One key thing that I believe is frequently misconstrued when discussing OCD is the idea that obsessive-compulsive disorder is all about perfectionism. I frequently see in my own personal life as well as the internet people using the term OCD incorrectly. I have heard it and seen it used in many ways including: “My mom hates when I don’t clean my room, she’s so OCD.” “Yeah I like having my desk neat; I’m just OCD like that.” I’ve even seen a share of twitter accounts that use the term OCD to describe supposedly perfect images. As if seeing a stack of perfectly round pancakes would ease my obsession of accidentally hurting my mother.
OCD is not just about liking things in a perfect way.

OCD can be debilitating and can lead to any of the following things:
• Inability to attend work, school or social activities
• Troubled relationships
• Overall poor quality of life
• Anxiety disorders
• Depression
• Eating disorders
• Suicidal thoughts and behavior
• Alcohol or other substance abuse
• Contact dermatitis from frequent hand-washing

Obsessive-compulsive disorder treatment may not result in a cure, but it can help you bring symptoms under control so they don't rule your daily life. Some people require treatment for the rest of their lives. The two main treatments for OCD are psychotherapy and medications; treatment is most effective with a combination of these.

A type of therapy called exposure and response prevention (ERP) is the most effective treatment.
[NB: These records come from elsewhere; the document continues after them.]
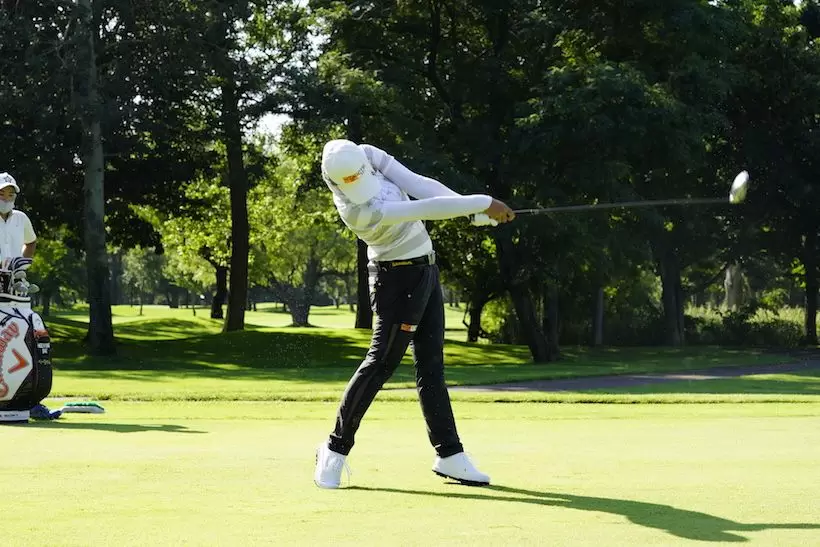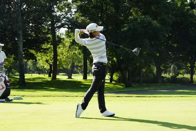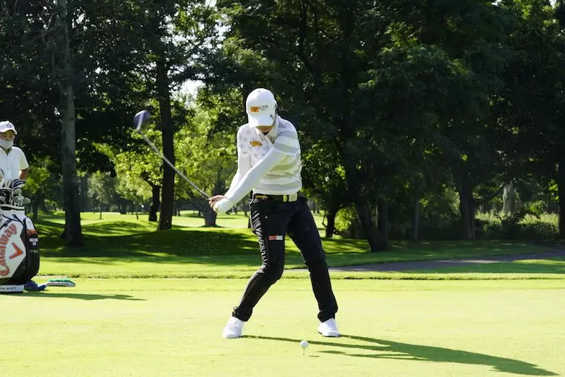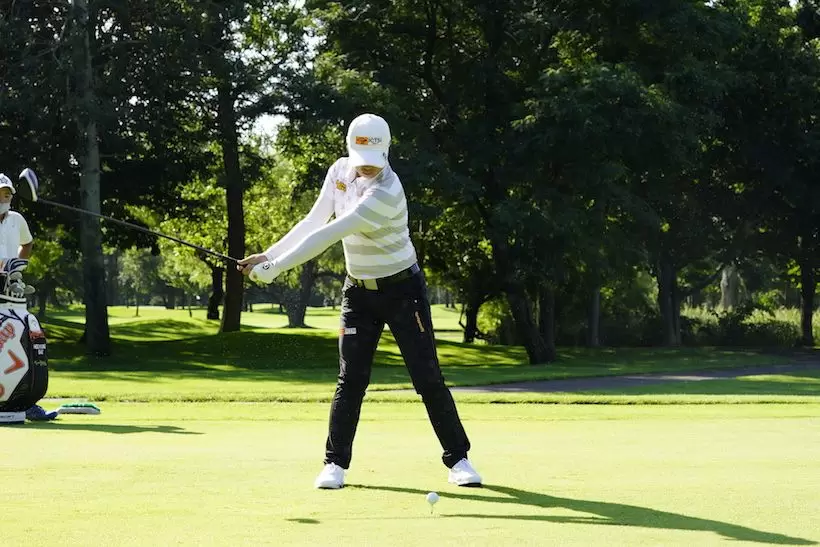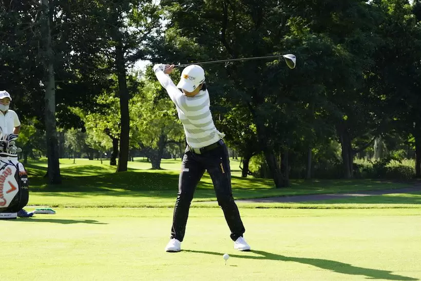 前傾角度がキープされ、両腕がまだほぼ伸びている状態で大きいフォローが取られています。フォローでの右腕の張りとトップの左腕の張りから、笹生選手の体幹や足腰、腕力などの身体的な強さがうかがえます。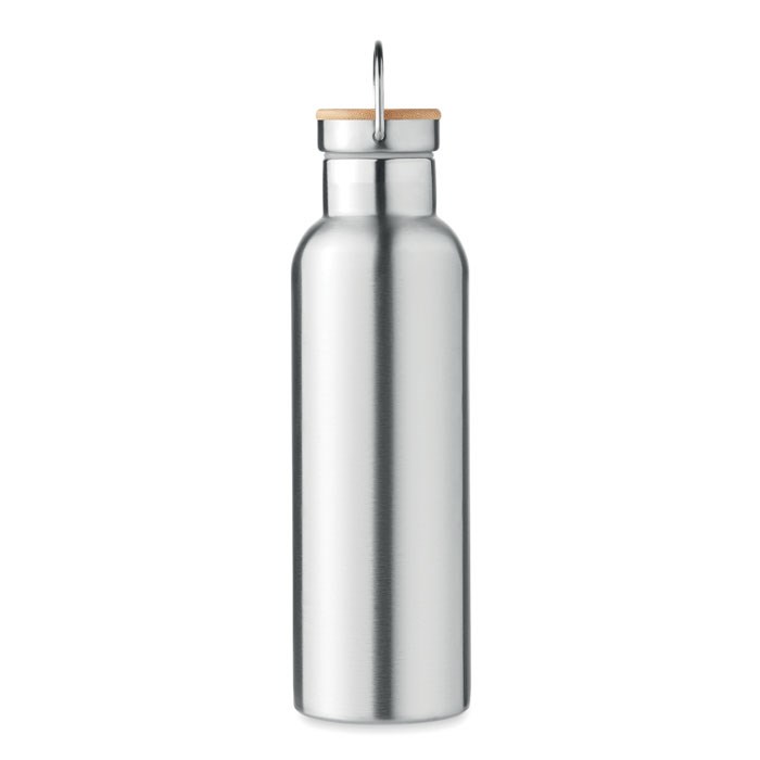 Dubbelwandige vacuüm geïsoleerde RVS drinkfles met bamboe deksel en draagring. Inhoud: 750 ml.Lekvrij. Bamboe is een natuurlijk product, de kleur per artikel kan verschillen.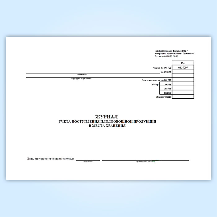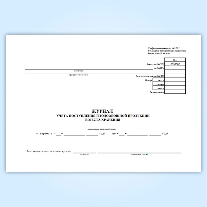Журнал учета поступления плодоовощной продукции в места хранения (форма МХ-7) в Чите купить

This therapy involves gradually exposing you to a feared object or obsession, such as dirt, and having you learn healthy ways to cope with your anxiety. Exposure therapy takes effort and practice, but you may enjoy a better quality of life once you learn to manage your obsessions and compulsions. These types of therapy sessions can also be done with family, especially if a fear of the patient includes friends and family. It is important to know that although treatment may be a difficult process, it is very worthwhile. No treatment plan is going to be the same across the board, but finding what works for the patient is the most important thing.

Before I finish I would like to briefly mention my experience with OCD. I have something that can be known as “Pure O,” this is a form of OCD that doesn’t experience compulsions… As I said, mental illnesses can present themselves differently in every person. My struggle with this disorder has caused strain on my behalf in my relationships with friends and family. I frequently fear that I will cause harm and lash out at the people that I love. And sadly, those pictures of perfectly placed floor tiling are not easing my distress.

If YOU are experiencing OCD, know that you are not alone. I myself deal with it every day. The concept of going through treatment accompanied with the stigma that surrounds OCD can discourage people from seeking help… But I assure you that it will be the best thing for you. It’s not okay to suffer in silence. If you need help, know that there are many options for you.
Lastly, an important step in breaking the stigmatic wall that surrounds mental illness is to simply talk about it. Spread your information like wildfire. Anything that you can do, like the simple act of retweeting information, can truthfully help.